* **INFORMATION PROVIDED**:
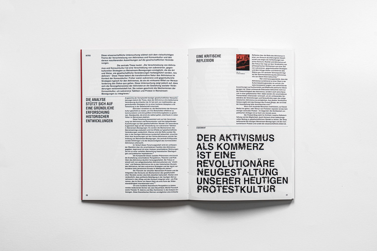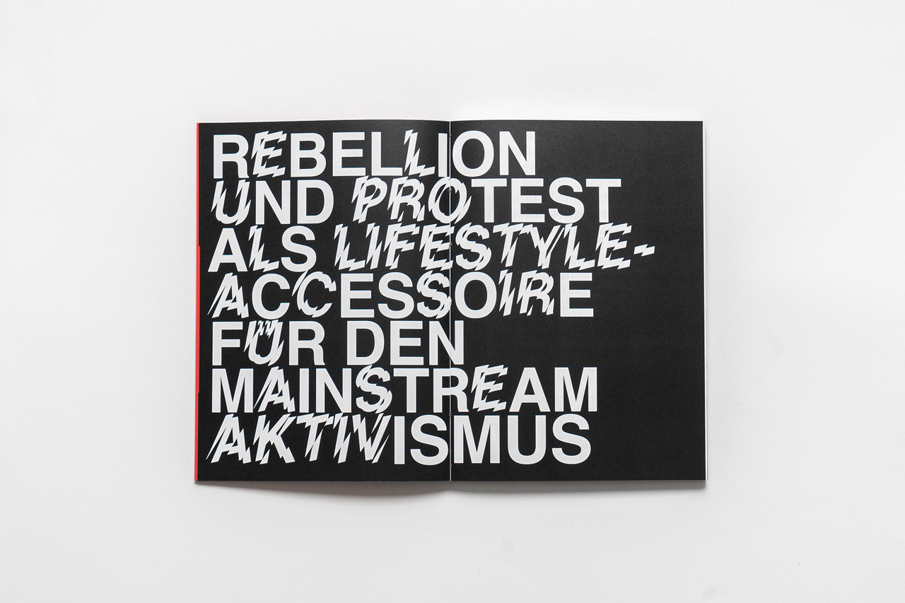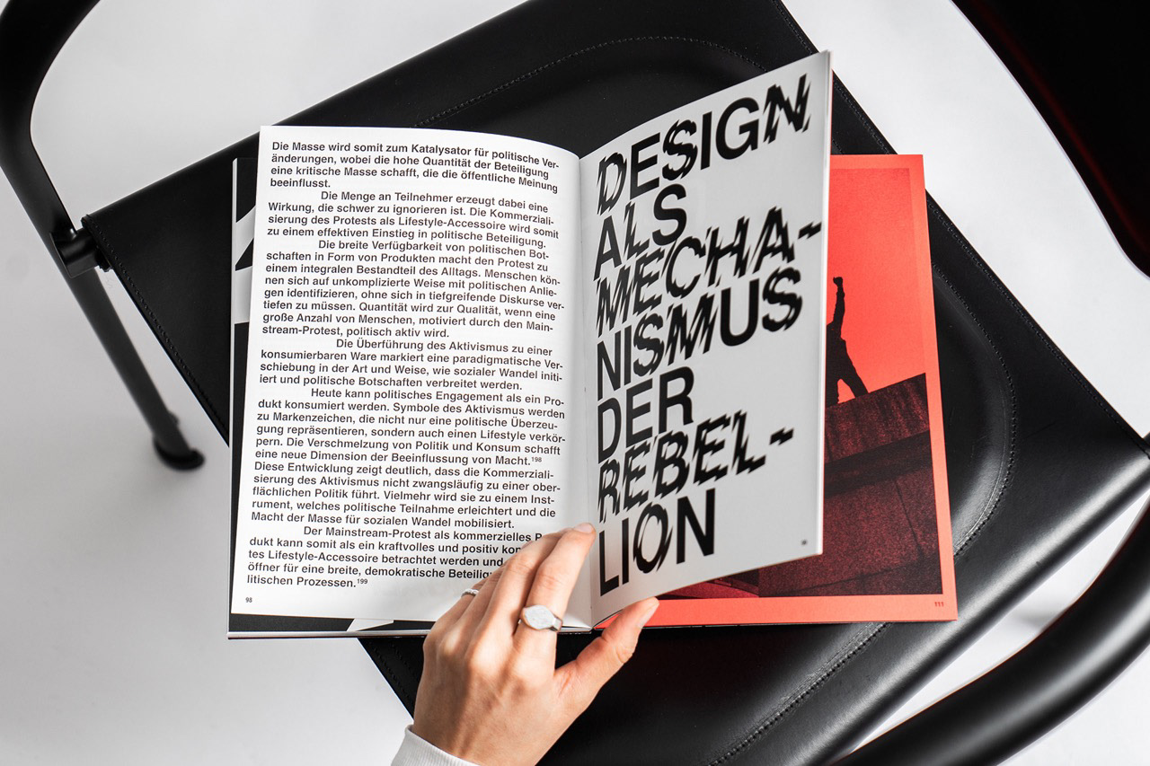 Für eine Designausstellung in Düsseldorf entstand ein Buch zum Thema Protest und Kommerz, das Inhalte und Gestaltung eng verzahnt. In seiner Gestaltung durchbricht das Werk bewusst Konventionen: Typografie und Layout setzen auf mathematische Logik und Unkonventionalität, erzeugen visuelle Spannung und spiegeln die rebellische Natur der Inhalte wider. So wird das Buch zu einem eigenständigen Editorial-Objekt, das Konzept, Inhalt und Design auf professionelle Weise verbindet.
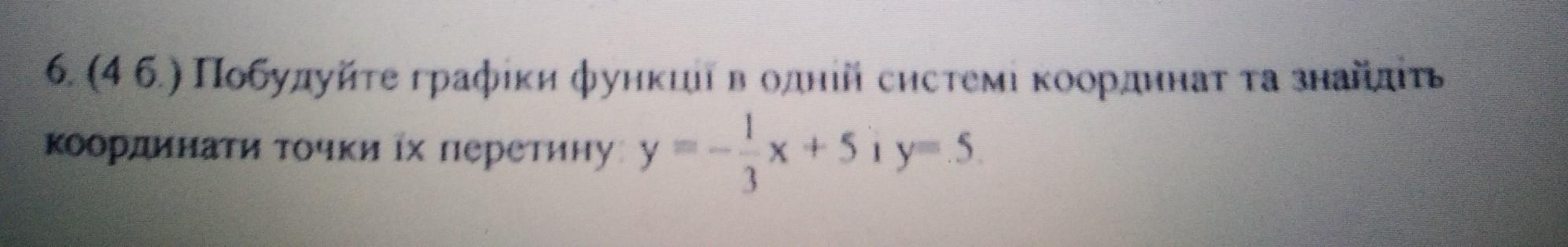 Побудуйте графік функції в одній системі координат та знайдіть координати точок їх перетину у=-1/3х+5 і у=5
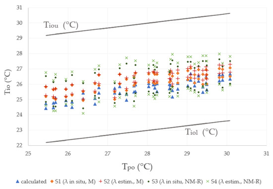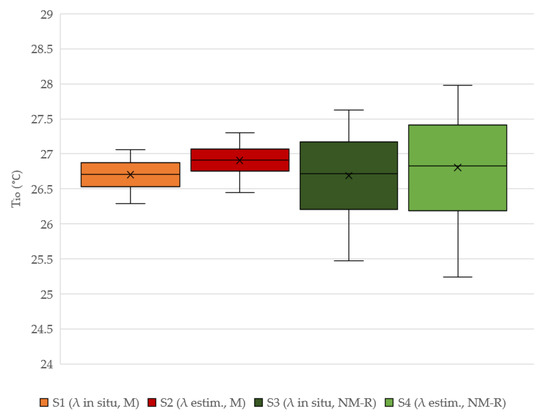 For the summer period, Tiou and Tiol were already analysed in Figure 6, and we can see that all four simulations S1 to S4 and calculated values would comply with the ASHRAE 55. Figure 8 shows the boxplot for the one-week summer period (25–31 July), and as it happened in the winter period, we can also distinguish more thermal stability in S1, which would lead to a higher thermal comfort: there is a 0.77 °C difference between the maximum and minimum temperature, while this difference in S2 is 0.85 °C, in S3 is 2.15 °C, and in S4 is 2.74 °C.

* **TRY IT**:
Pictures aside, reproduce all of the material above without alteration.

* **EXERCISE RESULT**:
 Für eine Designausstellung in Düsseldorf entstand ein Buch zum Thema Protest und Kommerz, das Inhalte und Gestaltung eng verzahnt. In seiner Gestaltung durchbricht das Werk bewusst Konventionen: Typografie und Layout setzen auf mathematische Logik und Unkonventionalität, erzeugen visuelle Spannung und spiegeln die rebellische Natur der Inhalte wider. So wird das Buch zu einem eigenständigen Editorial-Objekt, das Konzept, Inhalt und Design auf professionelle Weise verbindet.
 Побудуйте графік функції в одній системі координат та знайдіть координати точок їх перетину у=-1/3х+5 і у=5
 For the summer period, Tiou and Tiol were already analysed in Figure 6, and we can see that all four simulations S1 to S4 and calculated values would comply with the ASHRAE 55. Figure 8 shows the boxplot for the one-week summer period (25–31 July), and as it happened in the winter period, we can also distinguish more thermal stability in S1, which would lead to a higher thermal comfort: there is a 0.77 °C difference between the maximum and minimum temperature, while this difference in S2 is 0.85 °C, in S3 is 2.15 °C, and in S4 is 2.74 °C.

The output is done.